The familiar criss-cross scaffolding of hop poles and wires that scored the sky and whirled away as far as the eye could see is today limited to a few farms that supply hops to small and medium-sized regional breweries who specialise in real ale.

From 1960, the decline in hop production in Britain was precipitous. Machines replaced the hop-pickers and apples replaced English hops because cheaper hops from the United States, New Zealand and Germany were attractive to the big breweries. It looked like a familiar British agricultural catastrophe.

Then something remarkable and unexpected happened: English hops became precious, interesting. There was no more grubbing up. And now, hop growing is on the brink of a revival. English hops are unlike hops grown anywhere else. Family-owned breweries such as Shepherd Neame of Faversham, Britain's oldest brewer, and Adnams of Southwold, together with regionals like the Marstons group of Burton upon Trent and Greene King in Suffolk depend on "aroma hops" to give their beer its resinous, peppery and fruity characteristics. The growth of microbreweries, serving small markets and individual pubs, is making English hops almost fashionable again.

This weekend's hop festival at Faversham, now in its 21st year, promises to be the biggest yet, as visitors from across the country descend to celebrate the golden days of hop picking.
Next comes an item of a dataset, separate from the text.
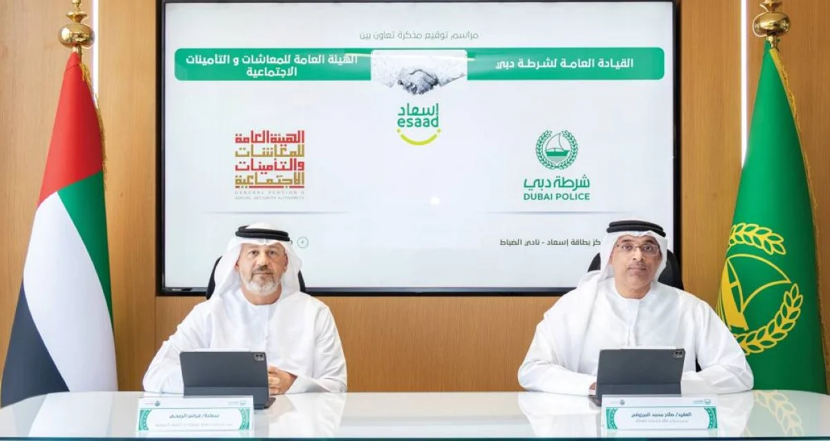 وقّع مركز بطاقة إسعاد التابع لشرطة دبي مذكرة تفاهم مع الهيئة العامة للمعاشات والتأمينات الاجتماعية في إطار تعزيز الشراكات الاستراتيجية الهادفة إلى إسعاد المتقاعدين وتوسيع نطاق الخدمات والمزايا المجتمعية بما ينسجم مع توجهات دولة الإمارات في ترسيخ جودة الحياة والرفاه الاجتماعي.
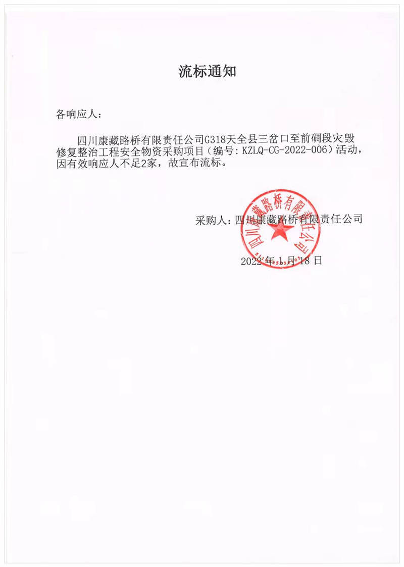 四川康藏路橋有限責(zé)任公司G318天全縣三岔口至前碉段災(zāi)毀修復(fù)整治工程安全物資采購(gòu)項(xiàng)目流標(biāo)通知

Each hop variety, with its varying amounts of alpha acid, provides a unique contribution to the flavour and taste of beer. "There is a terroir to hops, as there is with wine," says Dr Peter Darby, the country's foremost hop expert.

"English hops are subtle, understated. The East Kent Golding, for instance, is prized for its delicate aroma. The farmers who use it would claim that the salt-laden winds from the North Sea blowing over the hop fields make the difference. That is slightly poetic, but probably true."

"For the first time in years," says David Holmes, head brewer at Shepherd Neame, "there are young growers in their twenties and thirties who are reviving old hop gardens. It is very positive."

Ross Hunter, director of the youthful Surrey Hills Brewery, predicts that hops will make a comeback if research can produce varieties with the right floral and citrus characteristics that small brewers want.

"Why not? Everyone wants to use English hops. We've got the best barley in the world for brewing," he says.

"At Surrey Hills, all our bittering hops are English, but our aroma hops are a mixture of English and foreign. We're dedicated to finding a way of using all English hops.

"Hops are a wonderful thing. I'd stick them in apple crumble if I could get away with it."

Hunter's brewery, which produces 5,000 pints a week of its most popular beer, Shere Drop, has relocated from the Guildford area to Denbies, the vineyard in Dorking, where he hopes to grow hops on spare land. "The hop price rose a couple of years ago," he says, "it's almost worthwhile to grow them again."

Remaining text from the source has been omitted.